TARGET_ID points to the step that is a parent of
the step shown. In the example, each parent has a single child, but
many potential steps, such as nested-loops steps, are parents to a
pair of later steps. You can use TARGET_ID to lay
the steps out in a tree structure that corresponds to the execution
plan. DB2's other methods for showing execution
plans show this same tree structure directly, though it is hard to
see all at once on your screen.The same sort of tree structure is reflected in the indentation of
the execution plans from the earlier query I showed to illustrate
Oracle execution plans, but that query uses CONNECT
BY, a feature lacking in DB2. SQL Server also uses
indentation to show the tree structure of the underlying execution
plan, in plans shown with SHOWPLAN_TEXT, described
later.
3.2.3 The Practical Process of Displaying Execution Plans
To a beginner, the process for displaying DB2 execution plans looks
clumsy, I know, but you can automate the underlying steps with a
little simple scripting. If you are working from Unix, create the
following files:
-- File called head.sql
DELETE FROM User_Name.EXPLAIN_INSTANCE;
EXPLAIN PLAN FOR
-- File called tail.sql
SELECT O.Operator_ID, S2.Target_ID, O.Operator_Type,
S.Object_Name, CAST(O.Total_Cost AS INTEGER) Cost
FROM User_Name.EXPLAIN_OPERATOR O
LEFT OUTER JOIN User_Name.EXPLAIN_STREAM S2
ON O.Operator_ID=S2.Source_ID
LEFT OUTER JOIN User_Name.EXPLAIN_STREAM S
ON O.Operator_ID = S.Target_ID
AND O.Explain_Time = S.Explain_Time
AND S.Object_Name IS NOT NULL
ORDER BY O.Explain_Time ASC, Operator_ID ASC;
ROLLBACK;
With the aid of head.sql and
tail.sql, the practical process of displaying
execution plans, after you have chosen the execution plan you want
(see Chapter 5-Chapter 7), becomes:Place the bare SQL to be analyzed into tmp.sql,
in the same directory as head.sql and
tail.sql.From a DB2 session started in that same directory, after running
quit; to reach the shell prompt, run cat
head.sql tmp.sql tail.sql | db2 +c +p -t from the shell
prompt.Tweak the database (for example, with index changes) and the SQL to
be tuned in tmp.sql (following the methods of
Chapter 4) and repeat the previous step from the
shell prompt until you have the execution plan you want. Then, save
the corrected result in a permanent location.

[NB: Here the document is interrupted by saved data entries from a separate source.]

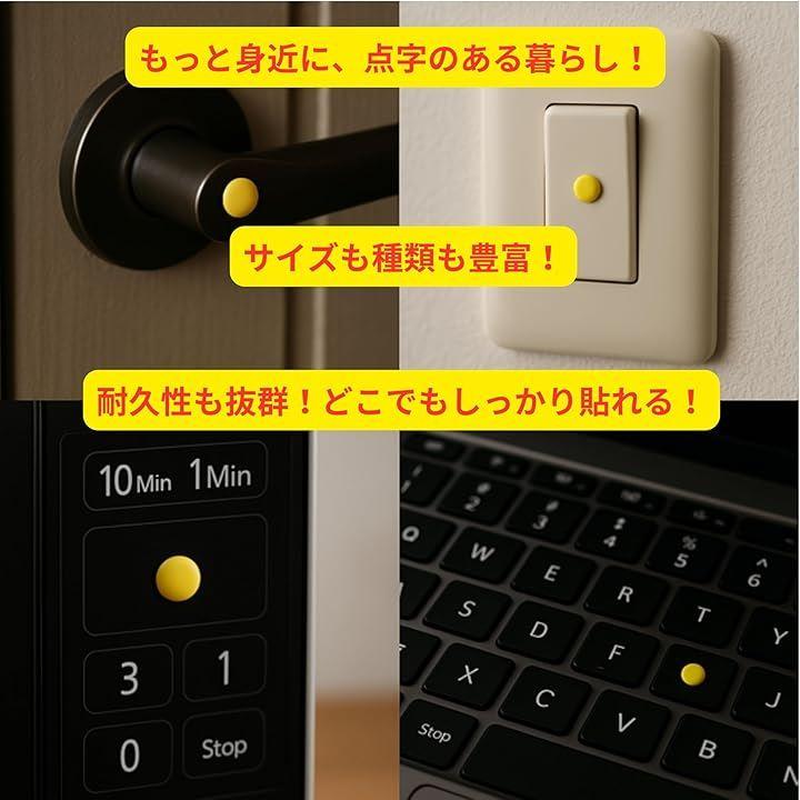 これらのシールは、リモコン、コンピューターのキーボード、電話、家電のコントロール、ボタン、スイッチなど、日常のアイテムの触覚マーキングにさまざまな用途があります。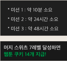 사진1을 통해 네이버 쿠키를 얻기 위해서는 게임에서 특정 미션을 완료해야 된다는 것을 확인할 수 있다. 사진1에서는 미션을 위해 최대 48시간, 레벨의 경우 최대 7레벨이 소요되는 것을 확인할 수 있다. 따라서 Retention 비율을 측정할 때 레벨 6이상, 가입 후 3일째에도 계속 접속하는 가를 기준으로 할 것이다.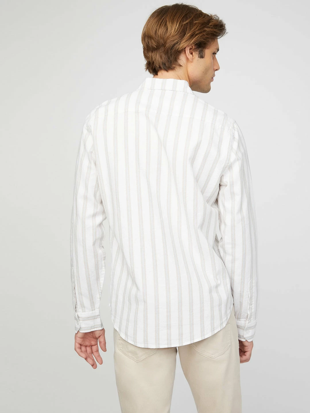 This linen-blend shirt features a button-front closure, allover striped pattern and folded collar. Water-saving fibers used.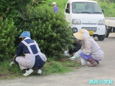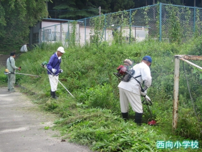 今回は、板橋下と西美田の両地区の皆さんが、校庭周辺の草刈りをしてくださいました。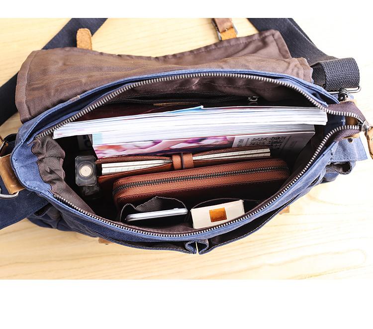 Style: Canvas Leather Mens Womens Waterproof Handbag Bag Shoulder Bag Blue Messenger Bag For Men
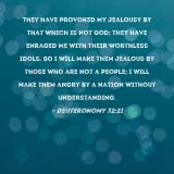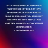 They have provoked My jealousy by that which is not God; they have enraged Me with their worthless idols. So I will make them jealous by those who are not a people; I will make them angry by a nation without understanding.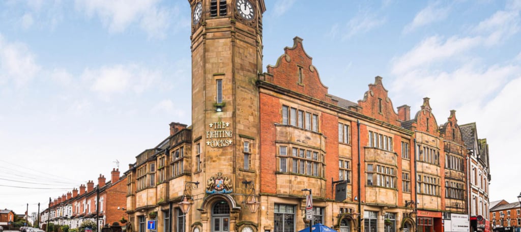 Situated in the heart of Moseley, The Fighting Cocks benefits from a prime location in one of Birmingham’s most vibrant areas. Moseley is a green, historic suburb about 3 miles south of Birmingham city centre – close enough to be convenient, yet filled with its own local character and attractions. The pub’s address on St. Mary’s Row places it right near the main Moseley “village” intersection, adjacent to the picturesque St. Mary’s Church (a Victorian-era church whose spire is a local landmark) and just off the Alcester Road which is Moseley’s high street. This central spot means the pub is easy to reach by public transport: numerous buses run from Birmingham city centre out to Moseley. In particular, the number 50 bus is a famously frequent service (running every few minutes at peak times) that goes straight from the city (passing by Bullring and Digbeth) to Moseley in around 15–20 minutes. There are also other bus routes (including late-night services on weekends) linking Moseley to surrounding districts like Kings Heath and the University area, so you won’t be stranded. For those coming by car or taxi, the pub is roughly a 10-minute drive from central Birmingham if traffic is light. However, as mentioned, parking in the immediate vicinity can be a bit of a challenge – Moseley’s centre has limited on-street parking and it fills up during popular times. There is a small pay-and-display car park a short walk away and some street parking on side roads (time-restricted in spots), but many find it easiest to grab a cab or rideshare and not worry about the car at all. Cyclists will find bike racks near the main junction as well – Moseley is reasonably bike-friendly for the savvy cyclist. In terms of accessibility, if you’re navigating by GPS, the pub’s location is very central in the B13 postcode; just look for the iconic turreted clock on the corner of the building – you can’t miss it once you’re nearby.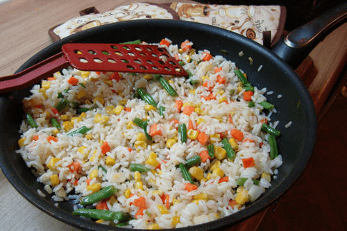 We add rice, canned corn, and pepper to the pan with onion and carrot, and mix everything thoroughly.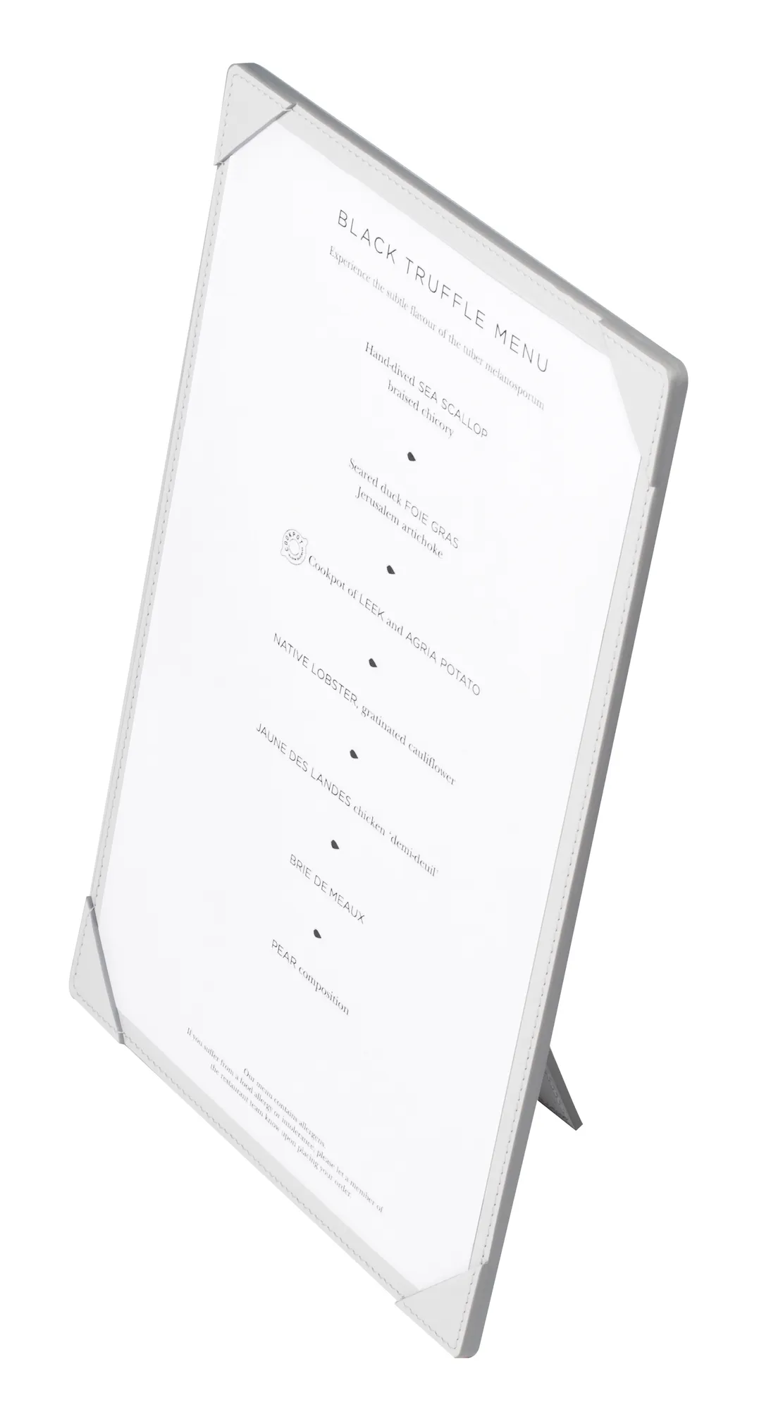 Can stand both horizontally or vertically. Hosts one paper. Finest regenerated leather structure with water-resistant and UV-resistant finish.

Begin by editing a copy of the SQL in question (complete with
terminating semicolon) in tmp.sql, using the
editor of your choice, in one window. In another window, start a DB2
session from the directory that holds head.sql,
tail.sql, and tmp.sql.
Next, exit the db2 command-line processor with
quit, but stay at the shell prompt. Generate and
view new execution plans for the current version of
tmp.sql (after you save it!) with the following
command:
cat head.sql tmp.sql tail.sql | db2 +c +p -t
Use your favorite shell shortcut to repeat this command as needed.

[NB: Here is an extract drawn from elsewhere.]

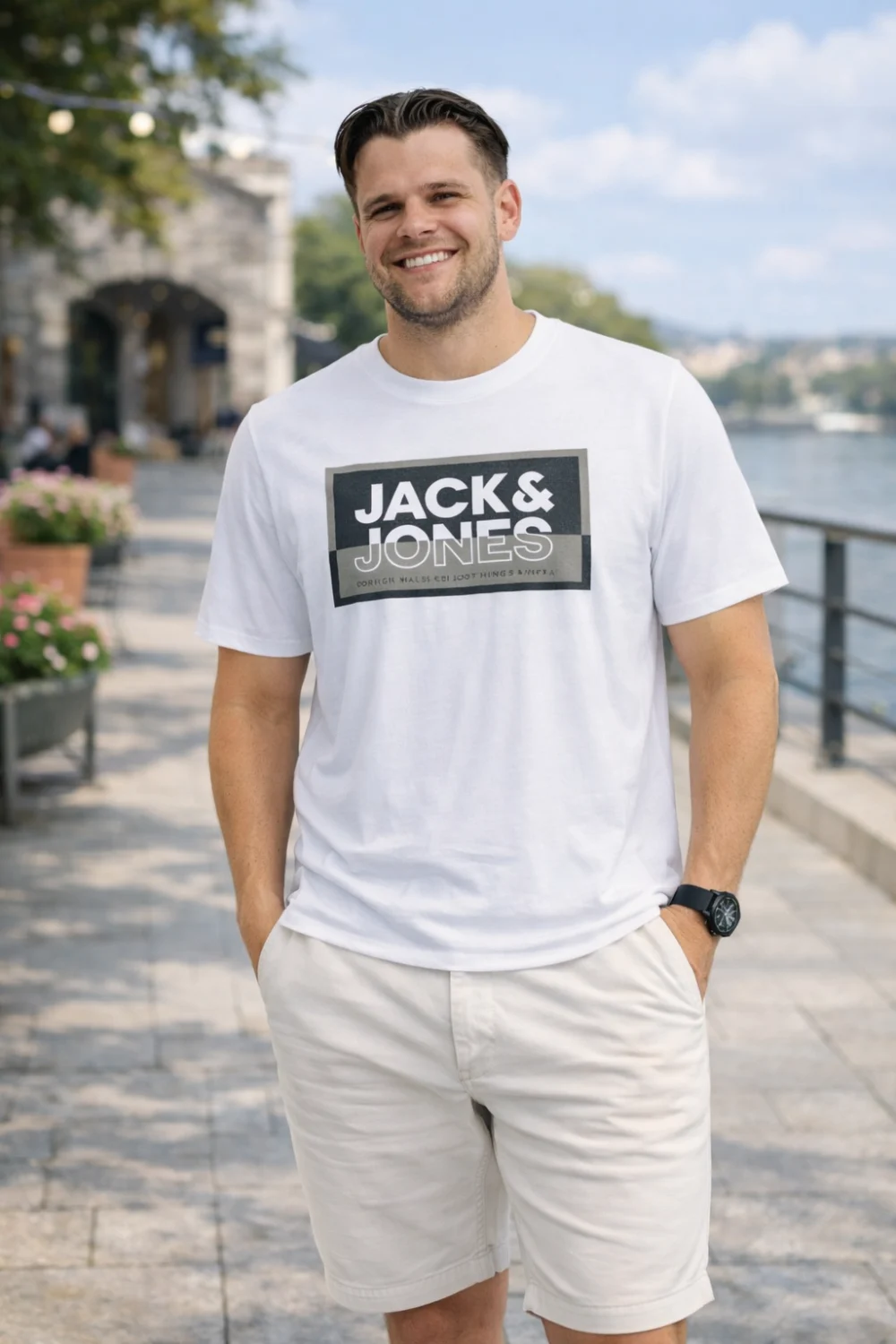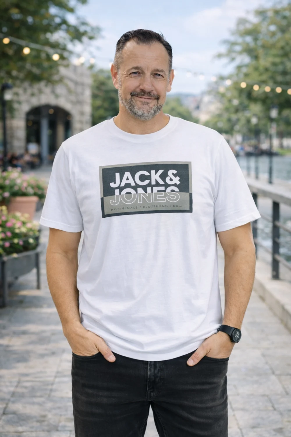 Jack & Jones fehér póló, mellkason mintával – lezser fazon

With this process, it takes just seconds to make a change and see the
results. If you need to print the execution plan or to view it with
an editor, you can redirect the output:
cat head.sql tmp.sql tail.sql | db2 +c +p -t > tmp.out
In operating systems other than Unix, you can try similar tricks or
you can always just add the contents of head.sql
to the top of tmp.sql, add the contents of
tail.sql to the bottom, and run the whole script
at one time, an approach that works in any operating system. Here is
an example of the process in action, with the same query I explained
earlier, beginning with the quit command to reach
the shell prompt:
db2 => quit;
DB20000I The QUIT command completed successfully.

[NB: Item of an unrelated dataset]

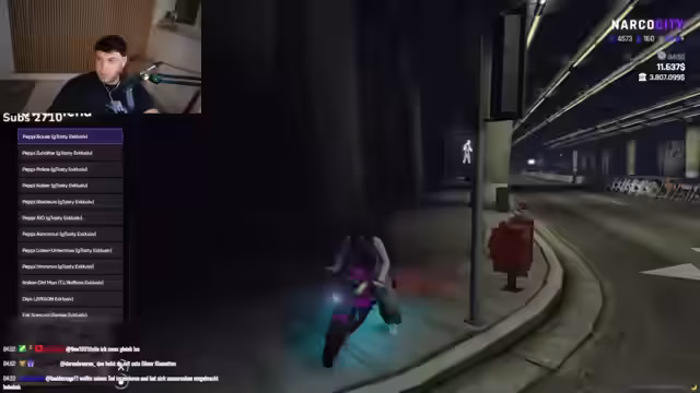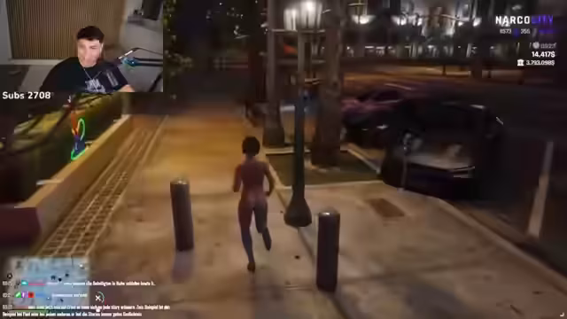 03:44:12Der Streamer erklärt den neuen Zuschauern das Konzept eines Rollenspiel-Servers in GTA Online. Jeder Spieler übernimmt eine Rolle und muss sich an die Regeln halten. Anschließend beginnt der Streamer die interaktive Rolle einer Stripperin namens Valeria González, die einen Kunden anspricht und ihm Dienstleistungen anbietet. Die Interaktion ist von Dominanz und Forderungen nach Geld geprägt.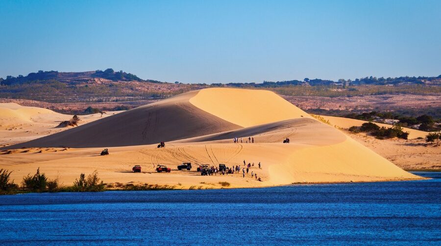 After breakfast, embark on a 5-6 hour scenic drive along Vietnam’s desert-like coast to Mui Ne. Stop for photos and coffee breaks amidst white sand dunes and blue seas.

$ cat head.sql tmp.sql tail.sql | db2 +c +p -t
DB20000I The SQL command completed successfully.
DB20000I The SQL command completed successfully.
OPERATOR_ID TARGET_ID OPERATOR_TYPE OBJECT_NAME COST
----------- --------- ------------- ------------------ -----------
1 - RETURN - 186
2 1 TBSCAN - 186
3 2 SORT - 186
4 3 FETCH EMPLOYEES 186
5 4 IXSCAN EMP_MGR_ID 25
5 record(s) selected.
DB20000I The SQL command completed successfully.
$
In practice, about half the changes you will make to force the
execution plan you want will be to tmp.sql, and
the other half will be to the environment, through the
db2 command-line interface, with operations such
as creating and dropping indexes, generating table and index
statistics, or modifying session optimization parameters.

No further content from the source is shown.